- **Source material**
++++++++++++++++++++
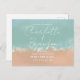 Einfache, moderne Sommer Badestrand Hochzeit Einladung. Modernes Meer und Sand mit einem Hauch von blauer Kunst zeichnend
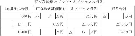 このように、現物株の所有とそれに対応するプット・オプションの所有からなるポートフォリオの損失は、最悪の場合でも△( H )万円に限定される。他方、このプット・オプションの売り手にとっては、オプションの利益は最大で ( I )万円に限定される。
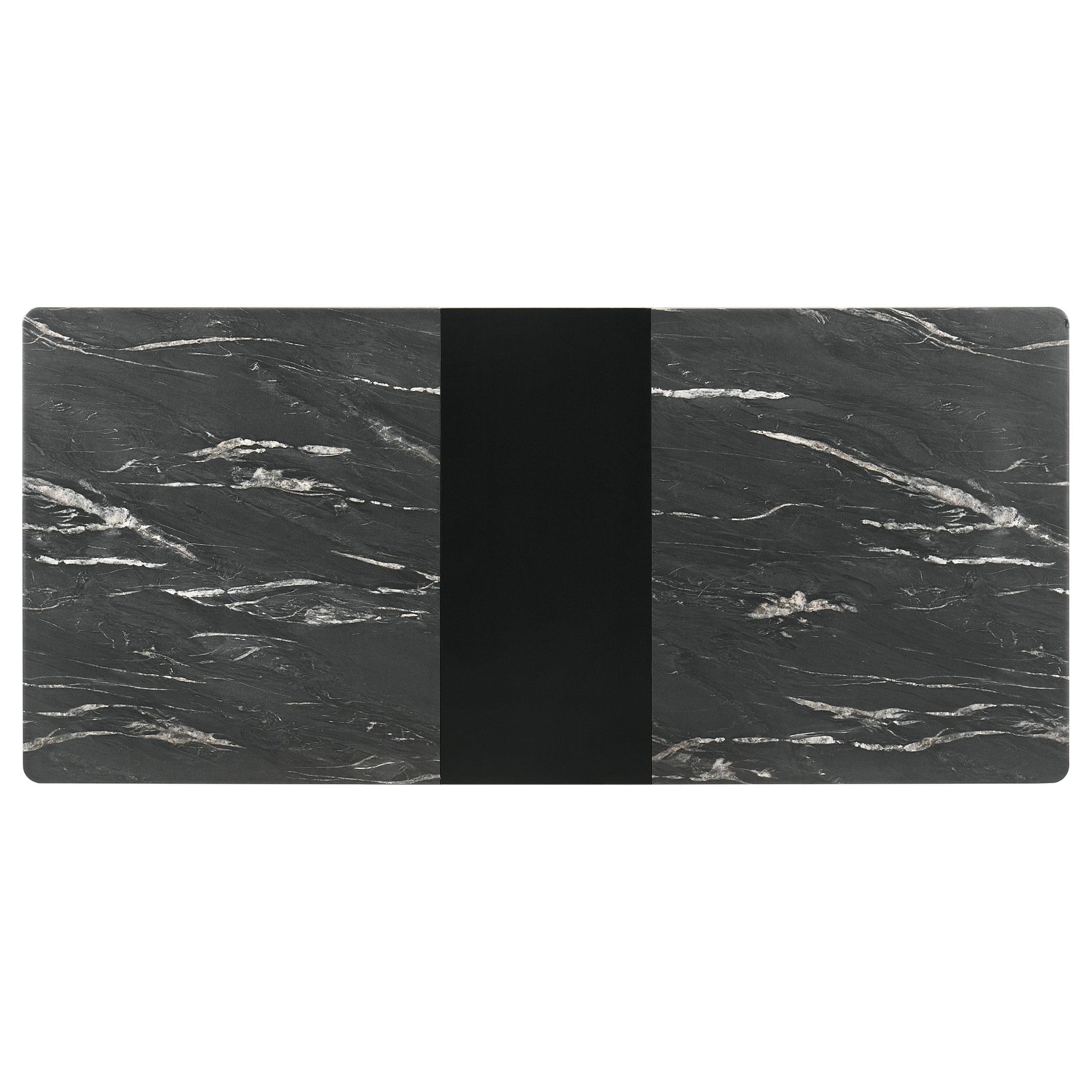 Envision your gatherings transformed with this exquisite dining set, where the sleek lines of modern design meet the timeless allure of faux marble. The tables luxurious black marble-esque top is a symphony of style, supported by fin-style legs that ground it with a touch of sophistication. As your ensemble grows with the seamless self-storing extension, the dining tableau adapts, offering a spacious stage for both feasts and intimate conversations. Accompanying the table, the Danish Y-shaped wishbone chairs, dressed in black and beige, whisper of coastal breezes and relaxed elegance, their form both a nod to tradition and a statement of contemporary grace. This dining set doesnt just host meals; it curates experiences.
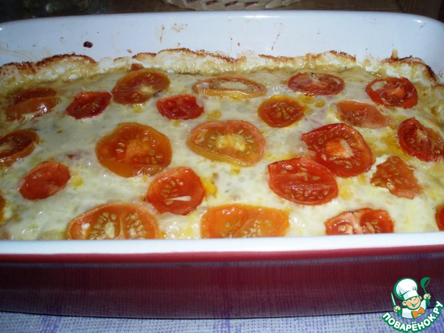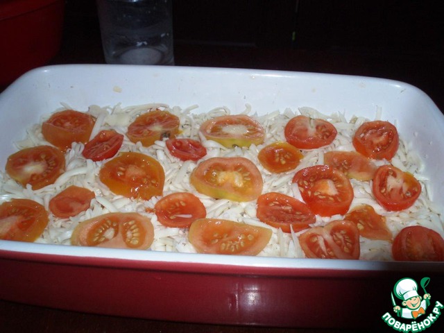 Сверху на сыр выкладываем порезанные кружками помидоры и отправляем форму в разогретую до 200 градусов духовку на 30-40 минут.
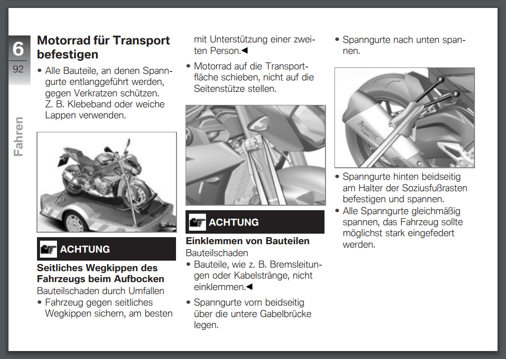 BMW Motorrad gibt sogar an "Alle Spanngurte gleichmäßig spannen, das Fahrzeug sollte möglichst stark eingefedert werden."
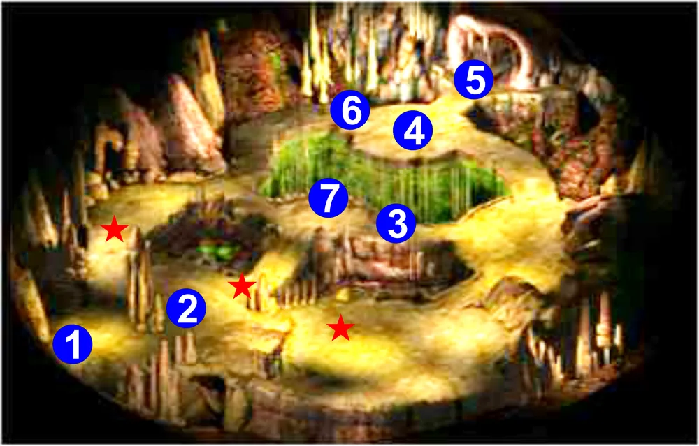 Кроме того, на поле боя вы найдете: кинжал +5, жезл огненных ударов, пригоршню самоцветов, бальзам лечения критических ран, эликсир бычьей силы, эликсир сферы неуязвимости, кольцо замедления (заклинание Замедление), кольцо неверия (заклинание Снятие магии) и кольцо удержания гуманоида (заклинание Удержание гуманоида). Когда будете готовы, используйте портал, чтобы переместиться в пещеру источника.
++++++++++++++++++++
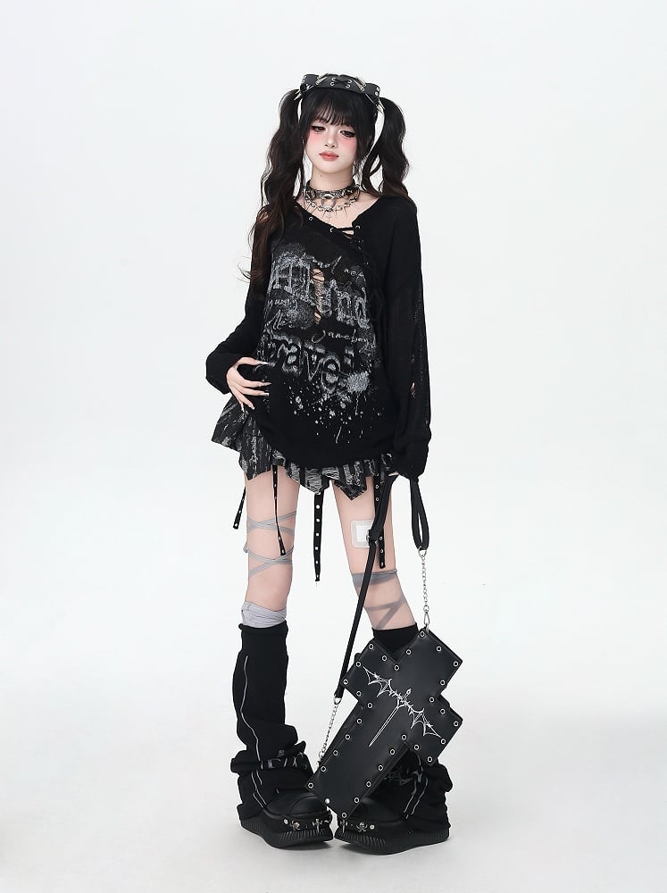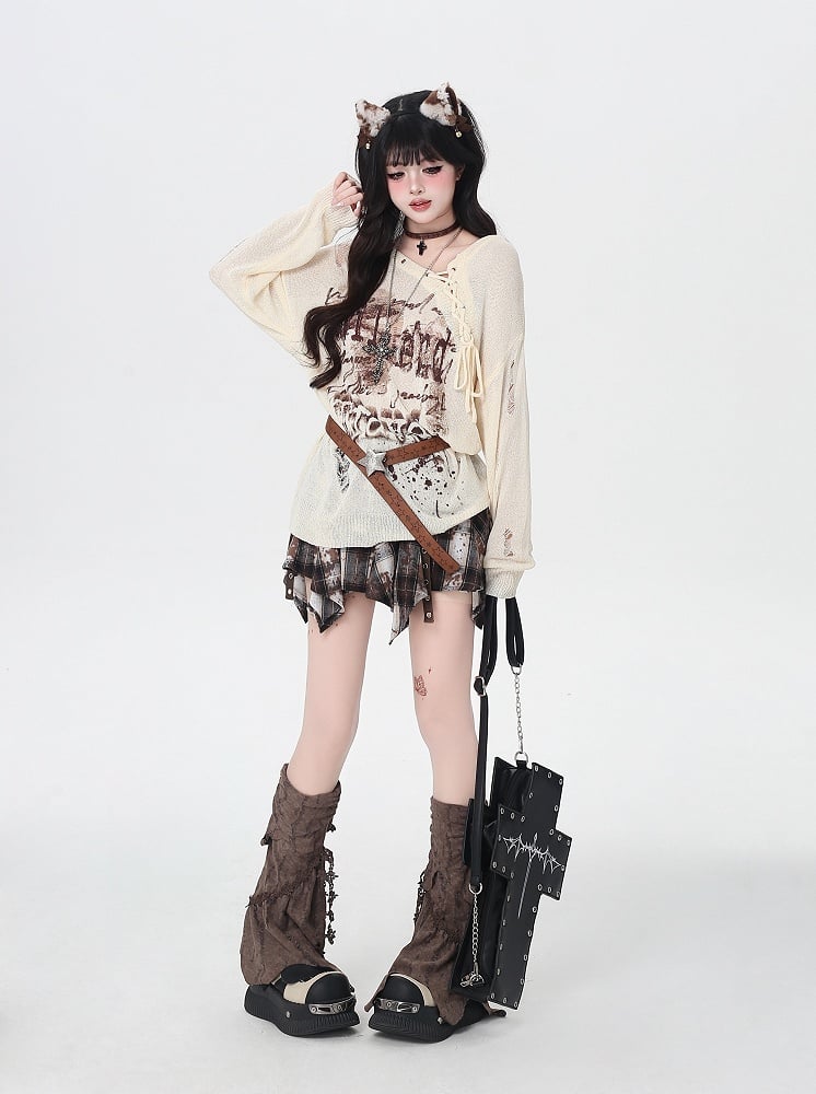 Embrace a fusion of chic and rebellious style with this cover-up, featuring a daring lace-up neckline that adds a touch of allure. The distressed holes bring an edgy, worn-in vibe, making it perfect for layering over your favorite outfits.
++++++++++++++++++++
Copy the lines above exactly, starting at the one with "BMW Motorrad gibt" and ending at the one with "Кроме того, на", both included. Leave out any pictures and add nothing else.

- **Response**
 BMW Motorrad gibt sogar an "Alle Spanngurte gleichmäßig spannen, das Fahrzeug sollte möglichst stark eingefedert werden."
 Кроме того, на поле боя вы найдете: кинжал +5, жезл огненных ударов, пригоршню самоцветов, бальзам лечения критических ран, эликсир бычьей силы, эликсир сферы неуязвимости, кольцо замедления (заклинание Замедление), кольцо неверия (заклинание Снятие магии) и кольцо удержания гуманоида (заклинание Удержание гуманоида). Когда будете готовы, используйте портал, чтобы переместиться в пещеру источника.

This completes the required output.